Stone carving is deeply rooted in the Iranian plateau and is practiced in various provinces of Iran, including Khorasan.

Stone carving is deeply rooted in the Iranian plateau and is practiced in various provinces of Iran, including Khorasan.

Historical artifacts excavated from archaeological sites in Iran suggest that the history of stone carving goes back to four thousand and five hundred years BC when cutting both decorative and applicable objects out of green stones was common in Iran. 

Nowadays, decorative objects like rings are made using stones like turquoise, marble, jade, black stone, etc.

From seven thousand years ago until today, kinds of stone such as Mica have been used to make cooking utensils such as pot, etc.

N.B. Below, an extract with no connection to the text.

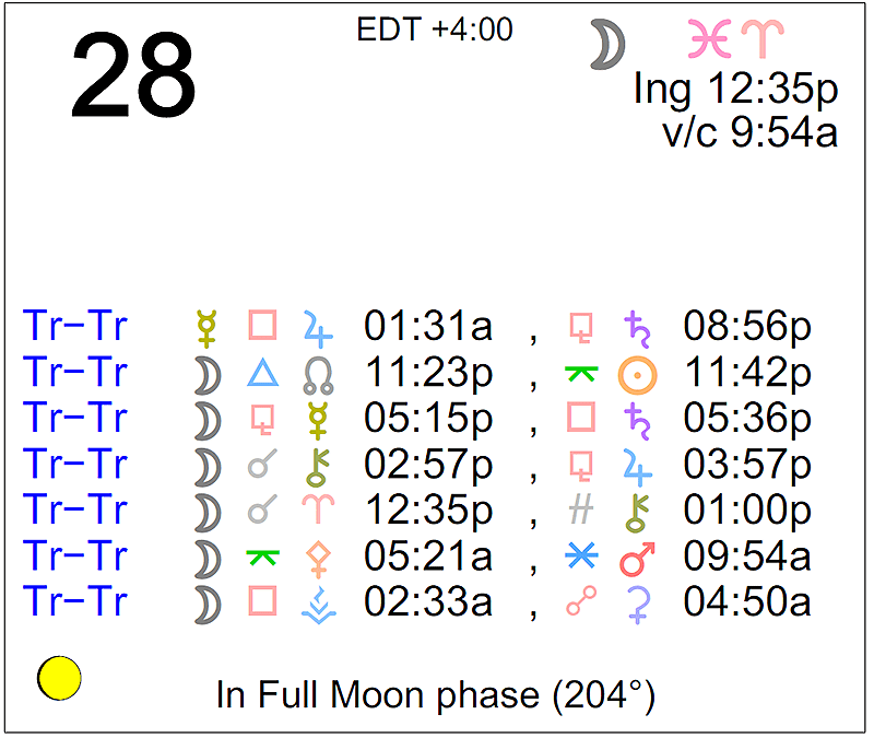 - The Moon is in Pisces until 12:35 PM, after which the Moon is in Aries.

By the art of stone carving, kinds of utensils, lamp stands, photo frames, chess pieces, vases, sugar cube holders, and other applicable and decorative objects can be made.

Important centers of stone carving in Iran are Mashhad, Shahr-e Rey, Qom, and Kerman. Today carvers use raw stones and cut them into desired pieces. The extra parts are cut away by chisel and hammer.

In Mashhad, the stone-made utensils are polished with oil and painted almost in black. Then motifs like flowers, geometric lines, figures, portraits, hunting grounds, and famous poems are carved on them by carving pens.

Situated some 70 km west of Mashhad, the city of Neyshabour is long been known a source of turquoise. Turquoise Neyshabour Mine is considered the oldest turquoise mine in the world.